In recent decades, plastics have become an inextricable part of global food value chains, profoundly shaping agricultural practices and food production systems. The omnipresence of plastics—from packaging materials to agricultural films—reflects a complex interplay of technological innovation, industrial strategy, and shifting consumer cultures. A collective scientific assessment drawing from thousands of international studies, alongside European and French data, reveals both the scale and the intricacy underlying plastic use in the agri-food sector, as well as the multifaceted challenges it poses for sustainability, health, and environmental integrity.
Agriculture and food production currently consume approximately one-fifth of the plastics used in Europe, with food and beverage packaging accounting for more than 90% of this usage. The remaining portion is primarily embedded within agricultural applications, particularly livestock farming, where plastics are employed extensively for purposes such as fodder conservation. Plastics’ role extends beyond mere containment; they function to protect, preserve, facilitate transport, and enable the marketing of food items through innovative package design and labelling. These materials are favored not only because of their lightweight robustness and cost-effectiveness but also because they satisfy regulatory demands along the supply chain. However, this expansion of plastic use is largely driven by corporate strategies and industrial marketing campaigns rather than direct consumer demands.

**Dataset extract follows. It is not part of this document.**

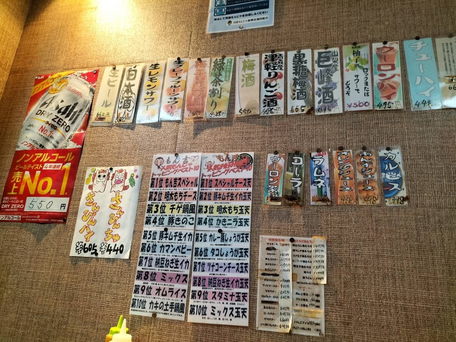 同じ通りに複数軒出店するチェーン店もあり、明るくきれいな店内に「元祖!」などと書かれたバナーを見るとついつい入りたくなってしまいますが、最終的にはいかにも昔からありそうな「(もん吉 西仲店)」に決めました。

The proliferation of plastics in food systems traces back to the aftermath of World War II, fueled by the petrochemical industry’s marketing efforts and the demographic changes wrought by urbanization. Plastics contributed decisively to the development of extended distribution networks and greenhouse farming, becoming emblematic of modern consumption and the rise of disposable culture. The convenience and performance offered by plastics have entrenched them deeply within the mechanics of food production and distribution, rendering them indispensable yet highly problematic.
One significant factor behind plastics’ widespread agricultural and food-related utility is their compositional complexity. Plastics consist predominantly of carbon-based polymers, but their mechanical, radiometric, and barrier properties are enhanced by a plethora of additives and multi-material combinations. These engineered materials, such as multi-layer films and composites, are designed to withstand prolonged environmental exposure and meet multifaceted functionality. Nevertheless, industrial secrecy around the exact composition of plastics and the presence of non-intentionally added substances (NIASs)—contaminants accumulating during manufacturing or environmental exposure—obfuscate users’ understanding of their true material nature.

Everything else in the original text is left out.